Diesel-induced Vascular Dysfunction: Role of EndothelinEPA Grant Number: R831860
Title: Diesel-induced Vascular Dysfunction: Role of Endothelin
Investigators: Kanagy, Nancy L. , Campen, Matthew J. , Walker, Benjimen R.
Institution: University of New Mexico , Lovelace Respiratory Research Institute
EPA Project Officer: Chung, Serena
Project Period: October 1, 2004 through September 30, 2008 (Extended to September 30, 2010)
Project Amount: $1,500,000
RFA: The Role of Air Pollutants in Cardiovascular Disease (2003) RFA Text | Recipients Lists
Research Category: Air Quality and Air Toxics , Air , Health Effects , Particulate Matter
There is a clear association between air pollution exposure and cardiovascular mortality. However, the mechanisms linking air pollution to cardiovascular events are poorly understood. Inhalation of particulate matter (PM) air pollution has been shown to increase the release of vasoactive cytokines such as endothelin while individuals with vascular disease have augmented vasoconstrictor responses to this peptide. Therefore, diesel exhaust-released endothelin could contribute to air pollution-induced cardiovascular events in sensitized individuals. We propose to use a novel model of endothelin dependent hypertension and endothelial dysfunction, paired with state-of-the-art methods for generating whole diesel exhaust, to investigate cardiovascular effects of PM. Our recent studies demonstrate that simulating sleep apnea by exposing rats to 90 second episodes of intermittent hypoxia/hypercapnia (IH) for 8 hours a day causes hypertension that is reversed by endothelin antagonists and associated with increased endothelin synthesis, augmented endothelin vasoconstriction and both right and left ventricular hypertrophy. Our preliminary studies show that whole diesel exhaust stimulates ET-1 synthesis and increases oxidative stress. Our central hypothesis is that inhalation of whole DE augments ROS stimulation of ET vasoconstriction in rats with IH-induced hypertension.

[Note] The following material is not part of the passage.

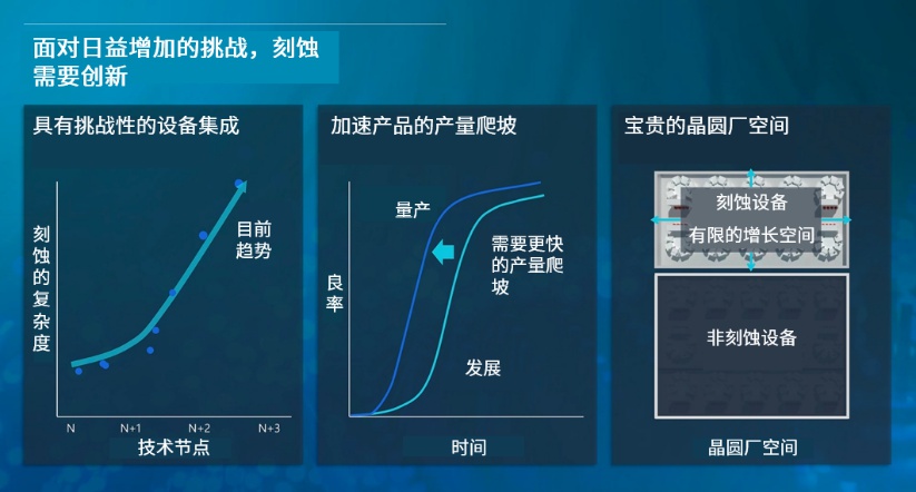 圖2:提高垂直縮放集成面臨的三重挑戰(zhàn),業(yè)務(wù)需要快速實(shí)現(xiàn)產(chǎn)品從研發(fā)到量產(chǎn),以及在有限的晶圓廠空間的運(yùn)營(yíng)條件下現(xiàn)實(shí)所需的顛覆性的刻蝕技術(shù)創(chuàng)新。

Our specific aims are: 1) To determine the effect of 6 hours of DE inhalation on plasma and tissue ET levels in Sham and IH hypertensive rats. These studies will test the hypothesis that DE stimulated ET synthesis is augmented in IH rats. We will examine tissue and plasma levels of ET-1, -2, and -3 and vascular expression of ETA- and ETB-receptors. 2) To determine the role of ROS in ET synthesis in IH and Sham rats at baseline and following DE inhalation. These studies will determine if elevated basal ROS levels sensitize IH rats to DE stimulation of ET vasoconstriction and if DE stimulation of ROS is necessary for increased ET synthesis. Tissue and plasma thiobarbiturate reactive substances (TBARS) will be measured at baseline and following DE inhalation as a measure of ROS generation. The effect of systemic antioxidants (Tempol 30 mg/kg/day) on ET synthesis will determine the contribution of ROS to DE stimulation of ET synthesis.
These studies are expected to determine mechanisms underlying the increased vascular pathology in response to DE inhalation in patients with pre-existing vascular disease. The widespread incidence of sleep apnea makes this relevant to a large segment of the population. This collaboration between NLK and BRW at the University of New Mexico and MJC at LRRI uniquely brings together expertise in environmental exposure toxicology and cardiovascular/hypertension physiology as part of the research consortium in the New Mexico NIEHS Center.